Responsabilidades divididas
Nesse regime, as decisões sobre educação, saúde, lazer e bem-estar são tomadas conjuntamente pelos pais, mesmo que o convívio diário seja maior com um deles. Essa divisão fortalece o vínculo afetivo e promove o equilíbrio na criação dos filhos.
7. Adoção conjunta por casais em união estável
Reconhecimento legal da união estável para adoção
A legislação brasileira, incluindo o Código Civil e o Estatuto da Criança e do Adolescente, reconhece a união estável como entidade familiar para fins de adoção. Isso permite que casais, sejam heterossexuais ou homossexuais, adotem crianças juntos, com os mesmos direitos garantidos aos casais casados.
Requisitos legais para adoção
Os casais devem cumprir os requisitos previstos em lei, como ter idade mínima de 18 anos e demonstrar aptidão para cuidar da criança adotada, garantindo um ambiente seguro e saudável para o desenvolvimento do menor.

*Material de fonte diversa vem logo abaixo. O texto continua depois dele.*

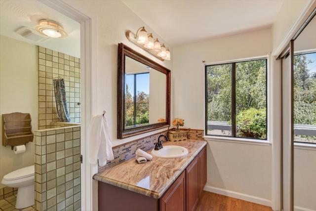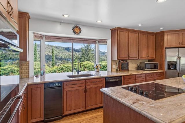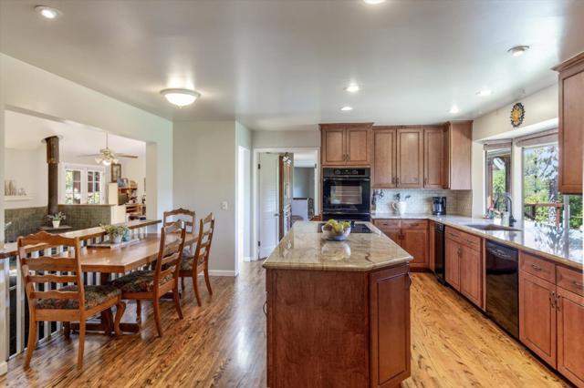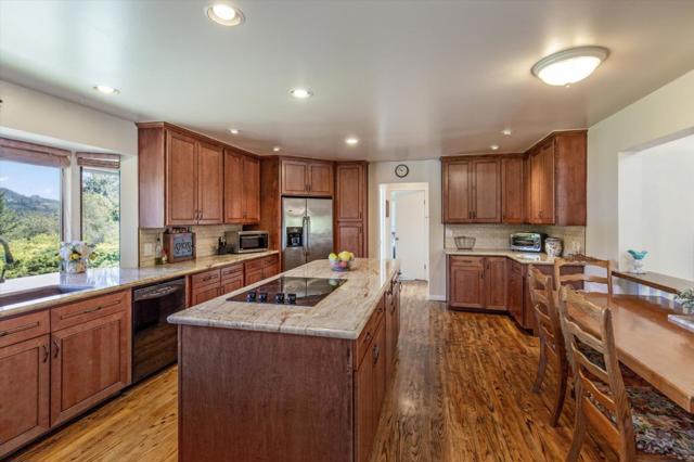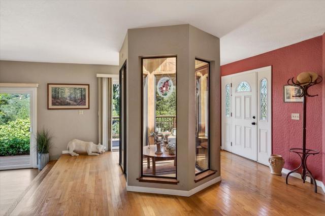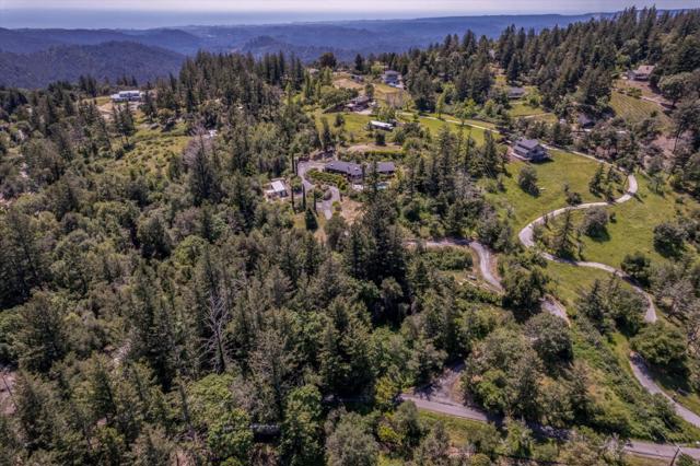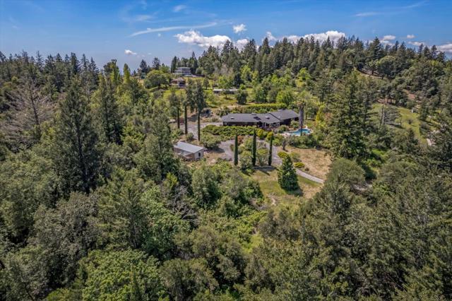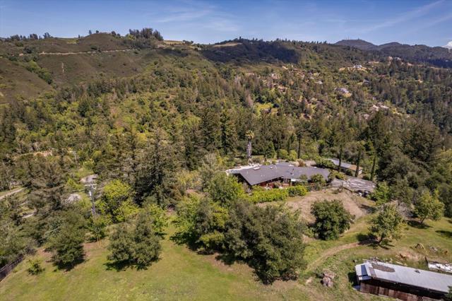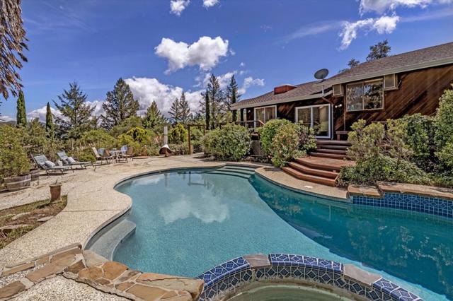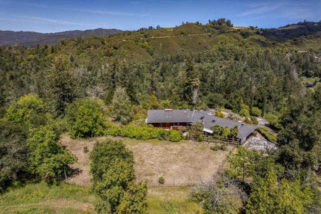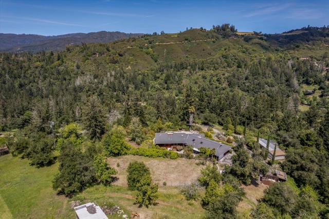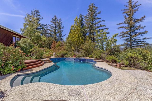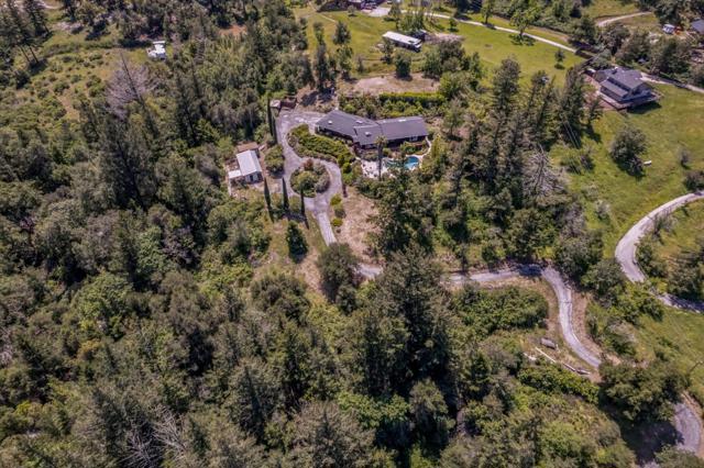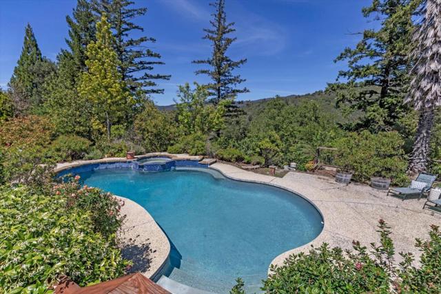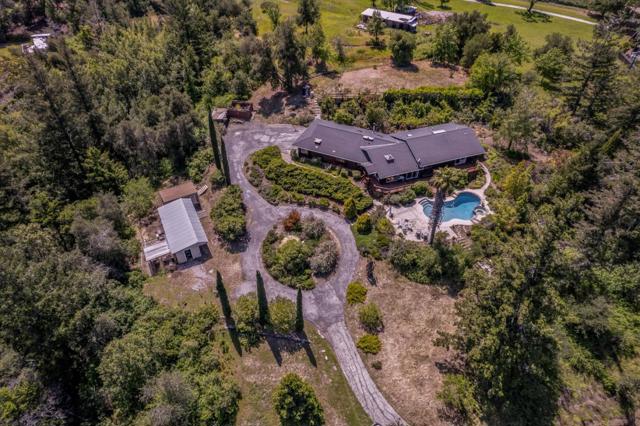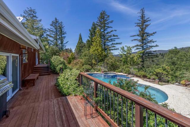 Your dream property with stunning views await in this amazing 5+ acre property. Fantastic single level home in easy location. 4 Bedrooms 3.5 bathrooms 3178 sf single level home. Plenty of space throughout with updated kitchen features stunning quartz counters, plentiful cabinetry, newer electric range double oven refrigerator, lovely copper sink and view picture window, opens to spacious family room, pool table area and wet bar. Eat in kitchen or private dining room which opens to living room and atrium at entry. Spacious primary suite and 3 other bedrooms with jack and jill updated bathroom between two bedrooms. Separate laundry room, hardwood floors. New sliding glass doors. Central heat and air, ceiling fans and amazing light form windows and skylights. Lovely garden areas with beautiful rose and grape vines and swimming pool with spa, deck and patio areas. Private circular driveway, plenty of room for vehicles. Horse stalls and riding area above house. Great central location a few minutes from Summit store above the radonich ranch. Easy drive to 17 and Los Gatos, 15 minutes to Capitola. Private well. Los Gatos Schools: Loma Prieta, CT English, Los Gatos High.

8. Proteção para casais LGBTQIA+ na união estável
Reconhecimento e direitos iguais
Desde 2011, o Supremo Tribunal Federal (STF) reconheceu a união estável entre pessoas do mesmo sexo, conferindo a esses casais os mesmos direitos dos heterossexuais. Em 2013, o Conselho Nacional de Justiça (CNJ) determinou que cartórios devem registrar uniões estáveis e casamentos homoafetivos, proibindo qualquer tipo de discriminação.
Garantias legais e sociais
Casais LGBTQIA+ em união estável contam com proteção jurídica integral, abrangendo direitos de herança, pensão, adoção conjunta e divisão de bens, garantindo respeito e igualdade perante a lei.

A união estável é uma alternativa reconhecida para a constituição de família, que assegura importantes direitos aos casais brasileiros. Conhecer esses direitos é fundamental para a proteção patrimonial, sucessória e familiar, seja para casais heterossexuais ou LGBTQIA+.
A formalização da união, preferencialmente por meio de contrato, e a documentação adequada da convivência são passos essenciais para garantir segurança jurídica e evitar litígios. Ao compreender as garantias previstas em lei, o casal pode construir uma relação sólida, baseada no respeito mútuo e na proteção legal.